From here: http://www.xenomai.org/index.php/Xenomai:Roadmap#Xenomai_3_FAQ

Preempt_rt does preempt the whole Linux. In what way does preempting Linux put load on the system?

The FAQ there talks about the preempt_rt as compared to Xenomai.

Answer 1

CONFIG_PREEMPT_VOLUNTARY -
This option introduces checks to the most common causes of long latencies in the kernel code, so that the kernel can voluntarily yield control to a higher priority task waiting to execute. This option is said to be reducing the occurrances of long latencies to a great degree but still it doesn't eliminate them totally.

CONFIG_PREEMPT_RT -
This option causes all kernel code outside of spinlock-protected regions (created by raw_spinlock_t), to be eligible for non-voluntary preemption by higher priority kernel threads. Spinlocks created by spinlock_t and rwlock_t, and the interrupts are also made preemptable with this option enabled. With this option, worst case latency drops to (around) single digit milliseconds.

Disadvantage -
The normal Linux kernel allows preemption of a task by a higher priority task only when the user space code is getting executed.
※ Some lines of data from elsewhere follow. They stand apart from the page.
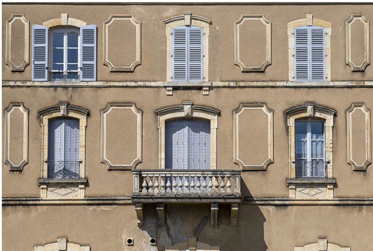
Corps de bâtiment sud, premier étage et second étage, vue de face.

70, Sceaux-sur-Saône-et-Saint-Albin, 1 rue de Duez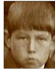
Række IV nr. 4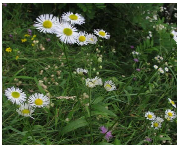
Erigeron annuus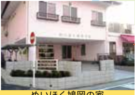
めいほく鳩岡の家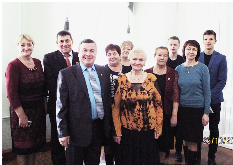
Делегация Сямженского района.

продолжились в Вологодском областном ордена "Знак Почета" драматическом театре. В фойе играл духовой оркестр, а также была развернута выставка, в фотографиях которой запечатлены этапы большого пути Ленинского комсомола.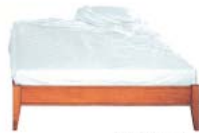
100100 LETTO ALLA FRANCO 180x200x85 cm (LxPxA) 100100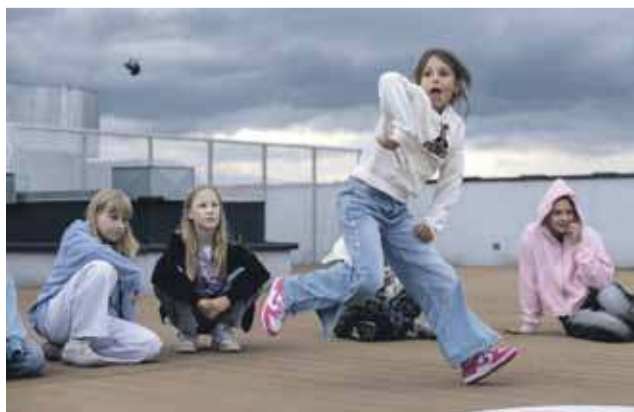
Tak się tańczy na dachu Miejskiego Centrum Kultury.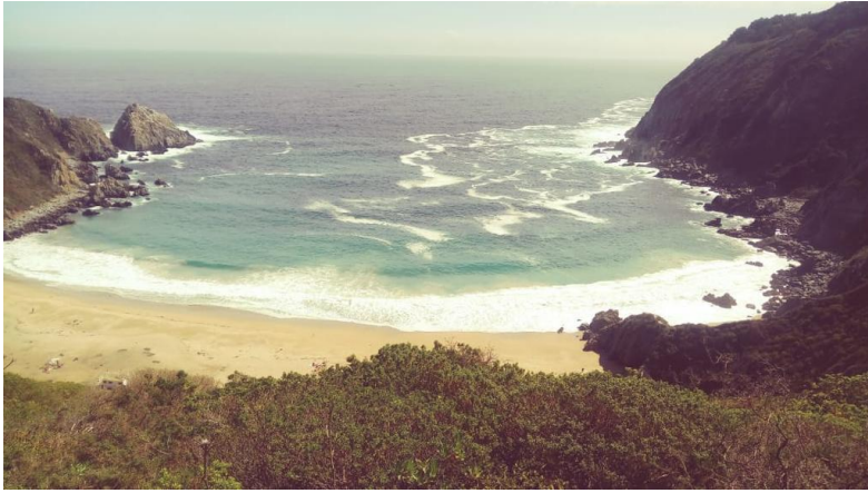
Laguna Verde Valparaíso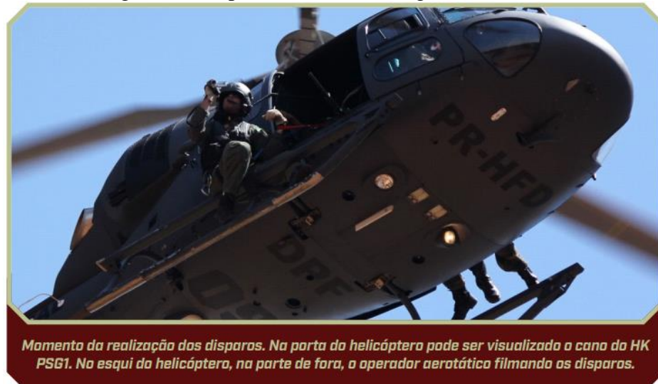
Figura 1 - Disparo de atirador designado aerotático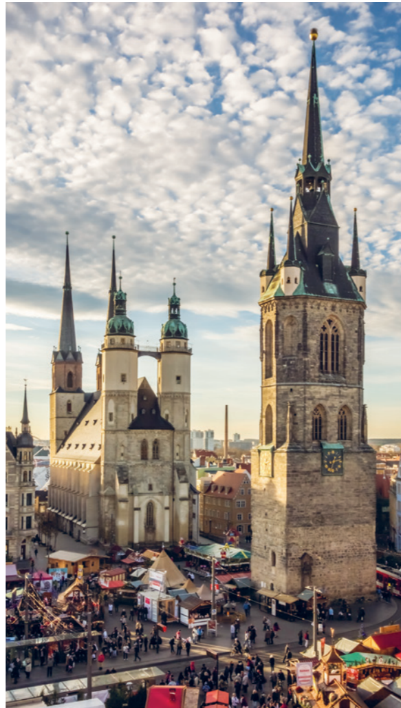
Boven: statige torens bij het marktplein in het oude centrum van Halle midden in Duitsland.

wordt gesierd door kustlandschappen en historische steden. Het Spaanse netwerk van snelle treindiensten brengt je vroeg of laat naar het knooppunt Madrid Atocha. Ten zuiden van Madrid snijdt de AVE door het droge hart van het land, tot de olijfgaarden van Andalusië verschijnen. Na Córdoba met zijn grandioze moskee-kathedraal splitst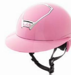
Pink/Cromo LH00200223 357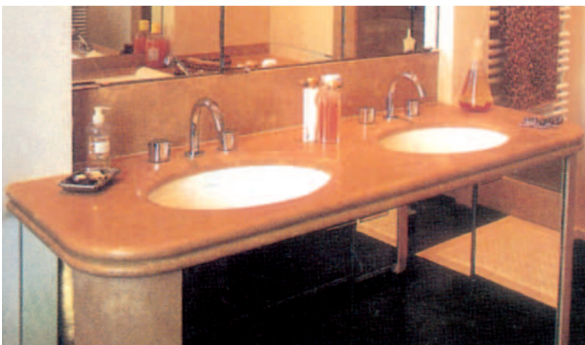
Von Xiamen Chiefstone gefertigter Waschtisch.

In order to reduce the latency, the CONFIG_PREEMPT_RT patch forces the kernel to non-voluntarily preempt the task at hand, at the arrival of a higher proiority kernel task. This is bound to cause a reduction in the overall throughput of the system since there will be several context switches and also the lower priority tasks won't be getting much a chance to get through.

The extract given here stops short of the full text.